Predictit, started in 2014 as an academic exercise, managed to win US regulatory support by limiting its book of traders, plus the cash rewards they could expect.  Its political bets have attracted attention, not least because its clients include well-informed politicos. The latest odds suggest Ron de Santis has edged ahead of Donald Trump as prospective Republican presidential candidate in 2024. 

Kalshi is a new entrant which allows bets of up to $25,000 relating to 2,600 trades related to financial events like interest rates, gas prices and inflation, plus general topics like the next Covid wave or the results of the Grammys, excluding sport betting.

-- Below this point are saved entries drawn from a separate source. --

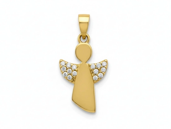Złota zawieszka aniołek z cyrkoniami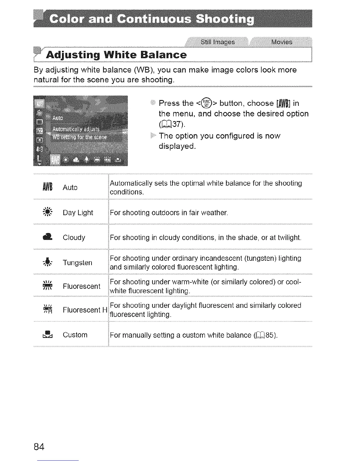 AWB Auto Automatically sets the optimal white balance for the shooting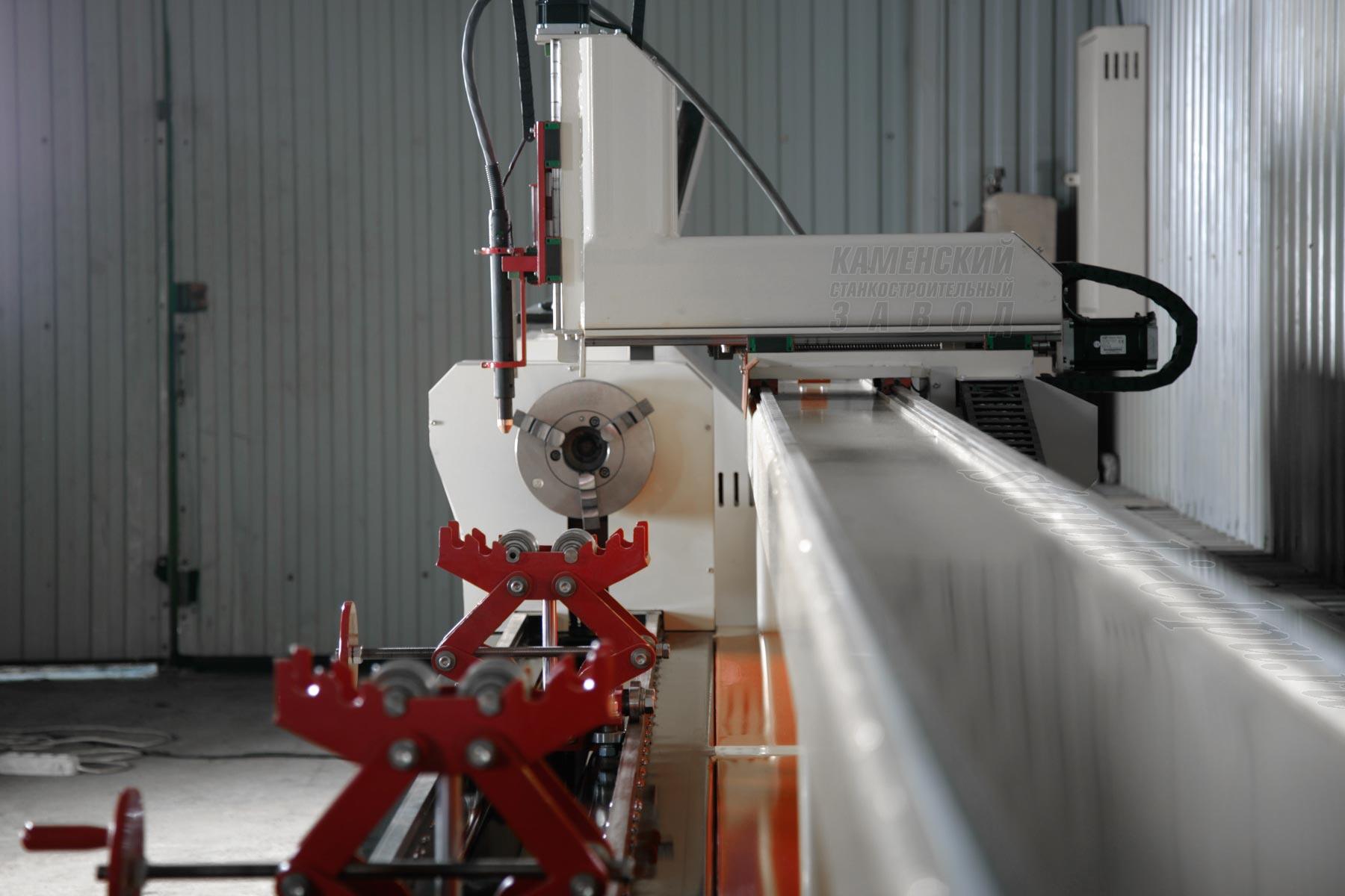 Станок ЧПУ плазменной резки CNC-6000P предназначен для резки стальных изделий выоской точности. Особенностью данного станка является наличие 4-й координаты, что позволяет выполнять обработку тел вращения.

Kalshi is founded by two MIT maths graduates aged 24, Launa Lopes Lara, a former ballerina, and Tarek Mansour, an ex-Goldman Sachs intern. 

Against the odds, they were given the nod in 2020 from the Commodity Futures Trading Commission. They are now trading two million contracts a week, but need to achieve more.

Henry Kravis, co-founder of KKR, invested in Kalshi in a $30 million funding round in 2021, as part of a recent drive to back young entrepreneurs. Other investors are Charles Schwab, renowned for his namesake advisory firm, and VC giant Sequoia. Other investors include Justin Mateen, co-founder of Tinder, the matchmaking service, and angel investor Cem Garih of Alarko Ventures.

Mateen and Garih also invest in TradeX, founded in 2021. As well as Mittal, a media tycoon, its backers include Rajesh Shawney, chief executive of InnerChef and Maninder Gulati, former McKinsey and Lightspeed executive. VC backers include TDV Capital and Soma Capital.

TradeX co-founder Ankit Shrivastava says: “Prediction markets give people a financial incentive to seek the truth, then protect them with the twin shields of pseudonymity and decentralisation.”

Futuur started operating in 2017. According to bets on its site, only 39% of punters expect a peace deal between Russia and Ukraine in 2022. Around 69% expect China to take military action over Taiwan by 2026. Around 72% expect Brazilian president Jair Bolsonaro to be tried for crimes against humanity for his mishandling of Covid.

Futuur is led by Tom Bennett, co-founder of video syndication business Pond5, bought by Shutterstock for $210 million in May 2022.

On prediction markets, Bennett told Medium: “At the collective level, truth is often trumped by tribe. Where there is a surplus of information vying for our attention it’s easy to select and organise it in a narrative of choice – which, in most cases, aligns with preconceptions.” 

He believes people incentivised to make individual wagers on binary decisions can create a fairer collective result, to the benefit of society, as well as his company.